Before copying, set the pictures aside; then repeat every line below verbatim.

Start of EXERCISE INPUT

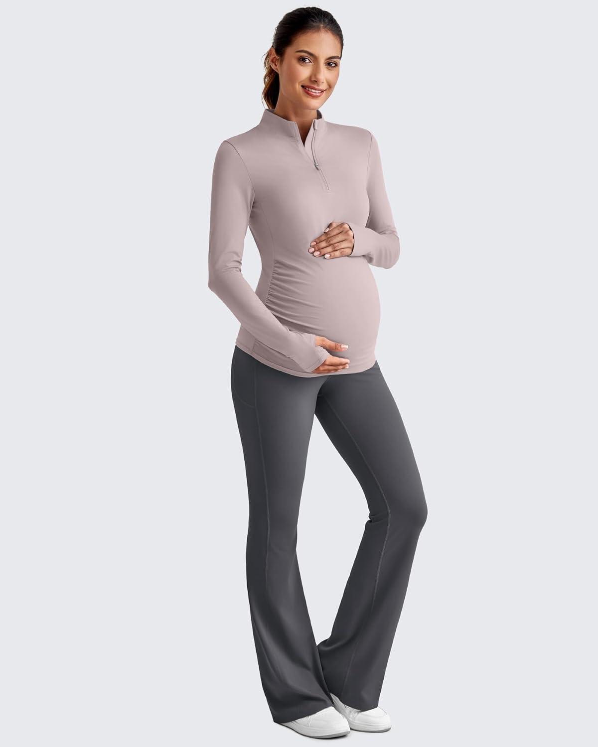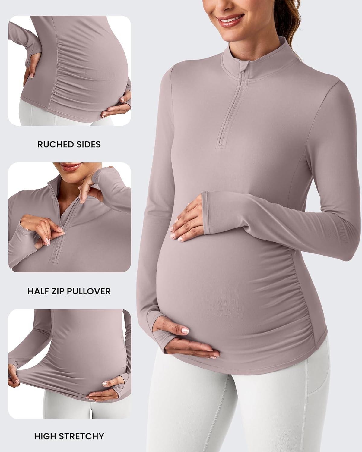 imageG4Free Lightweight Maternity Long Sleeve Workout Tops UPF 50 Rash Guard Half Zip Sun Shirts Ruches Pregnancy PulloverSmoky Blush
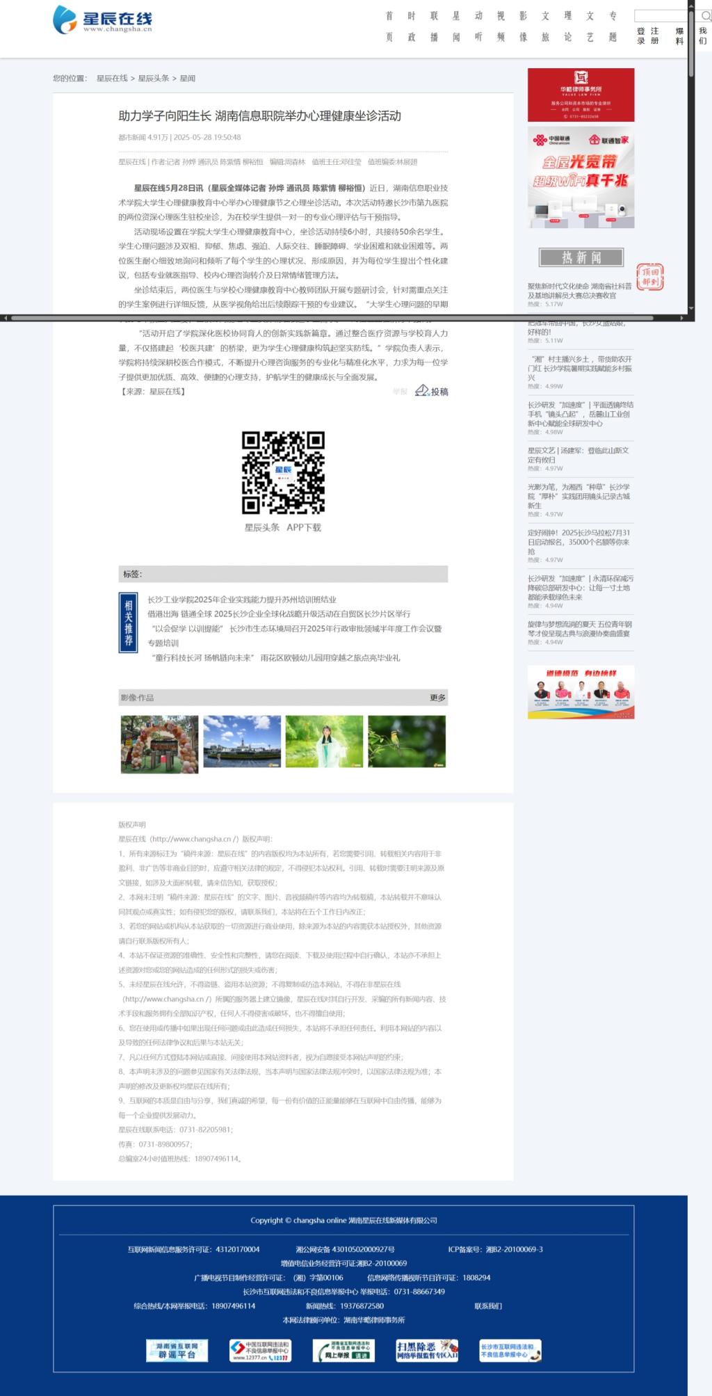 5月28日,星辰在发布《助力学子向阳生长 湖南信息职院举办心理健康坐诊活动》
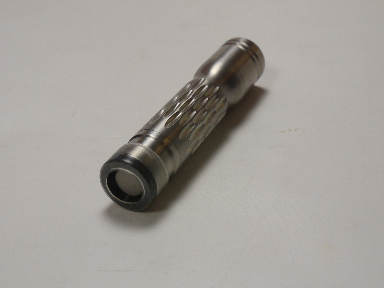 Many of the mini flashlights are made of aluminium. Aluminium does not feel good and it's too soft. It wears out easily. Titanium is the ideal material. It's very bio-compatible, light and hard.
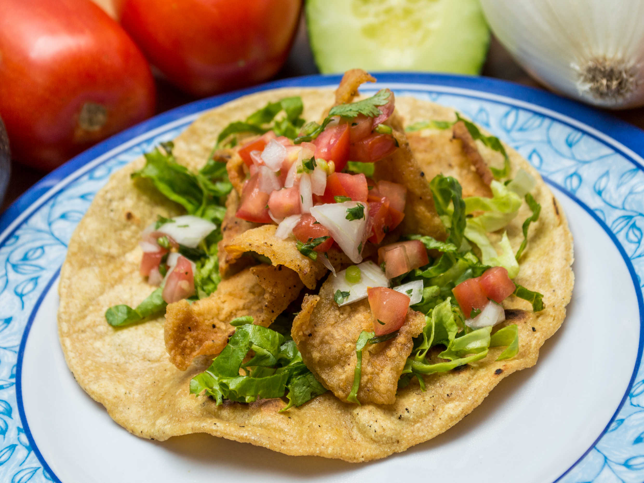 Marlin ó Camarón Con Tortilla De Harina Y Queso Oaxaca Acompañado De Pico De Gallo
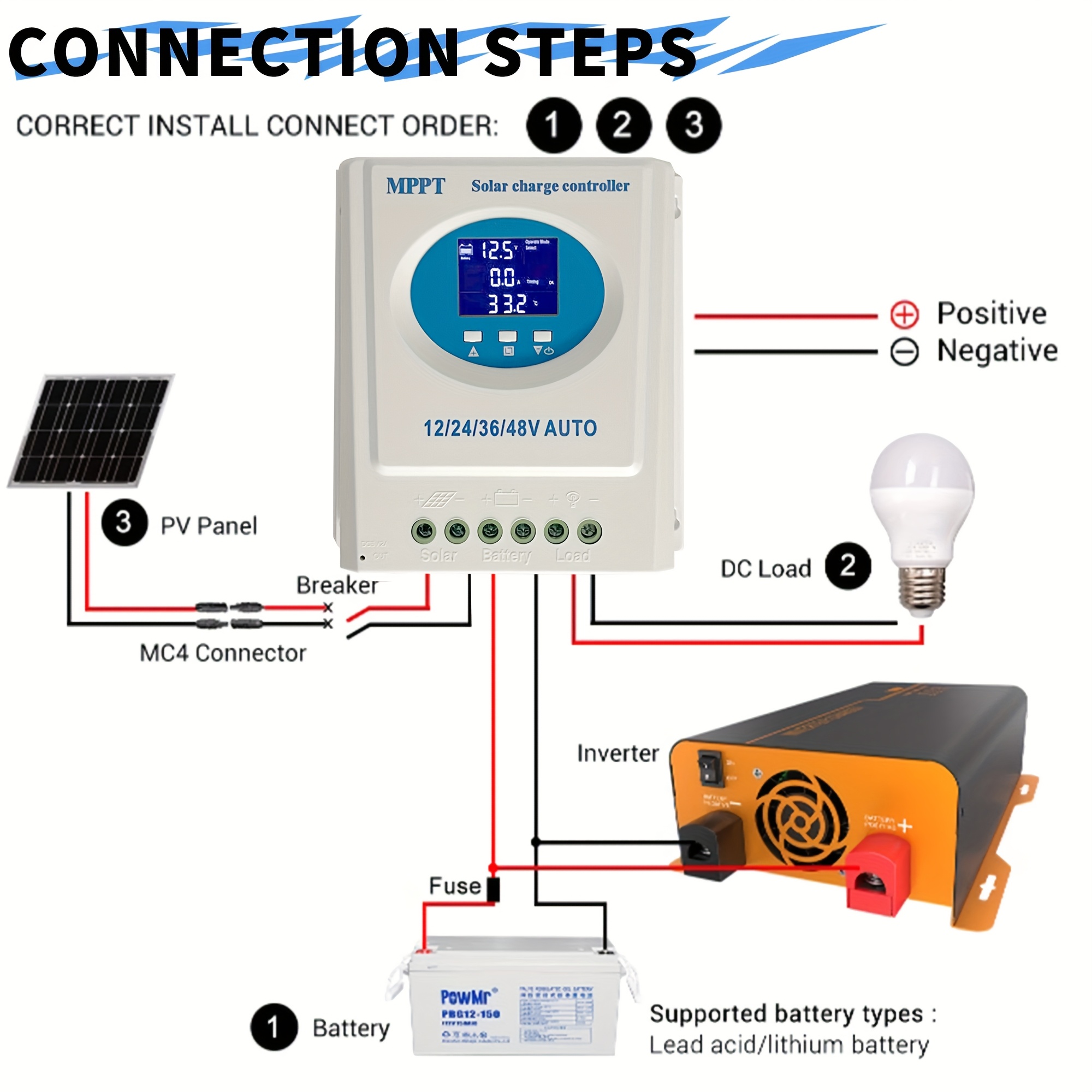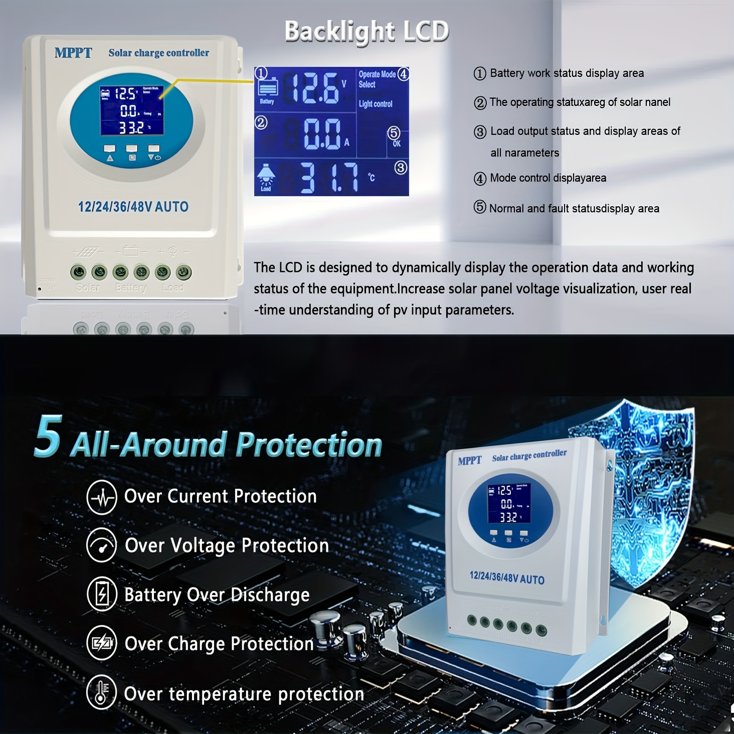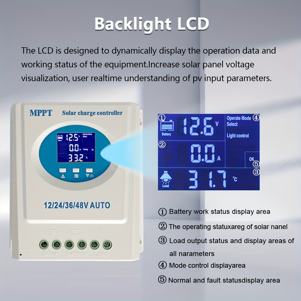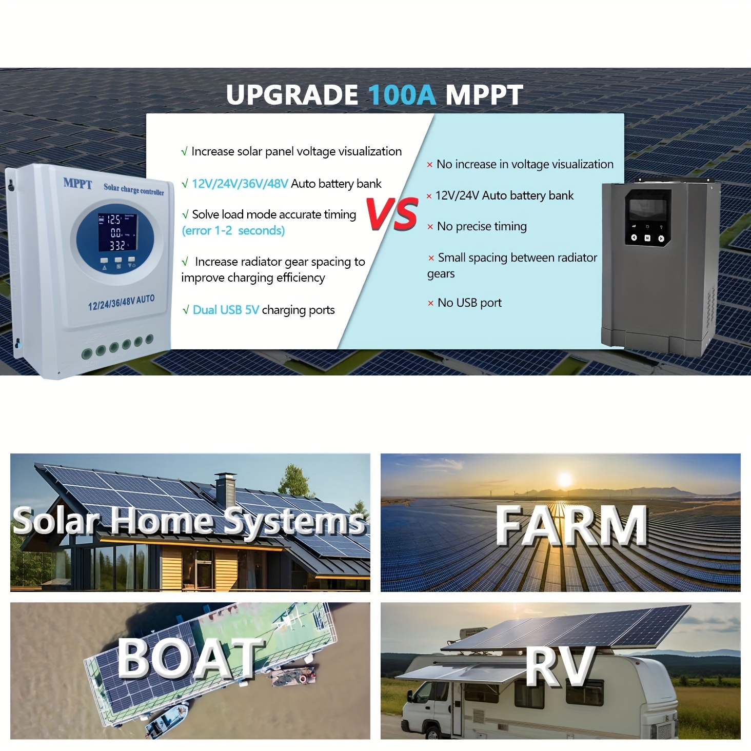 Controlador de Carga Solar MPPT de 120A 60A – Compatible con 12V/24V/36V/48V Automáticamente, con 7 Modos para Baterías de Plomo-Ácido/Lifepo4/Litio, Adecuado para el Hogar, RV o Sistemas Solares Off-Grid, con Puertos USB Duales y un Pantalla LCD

End of EXERCISE INPUT

#### RESPONSE AREA
 imageG4Free Lightweight Maternity Long Sleeve Workout Tops UPF 50 Rash Guard Half Zip Sun Shirts Ruches Pregnancy PulloverSmoky Blush
 5月28日,星辰在发布《助力学子向阳生长 湖南信息职院举办心理健康坐诊活动》
 Many of the mini flashlights are made of aluminium. Aluminium does not feel good and it's too soft. It wears out easily. Titanium is the ideal material. It's very bio-compatible, light and hard.
 Marlin ó Camarón Con Tortilla De Harina Y Queso Oaxaca Acompañado De Pico De Gallo
 Controlador de Carga Solar MPPT de 120A 60A – Compatible con 12V/24V/36V/48V Automáticamente, con 7 Modos para Baterías de Plomo-Ácido/Lifepo4/Litio, Adecuado para el Hogar, RV o Sistemas Solares Off-Grid, con Puertos USB Duales y un Pantalla LCD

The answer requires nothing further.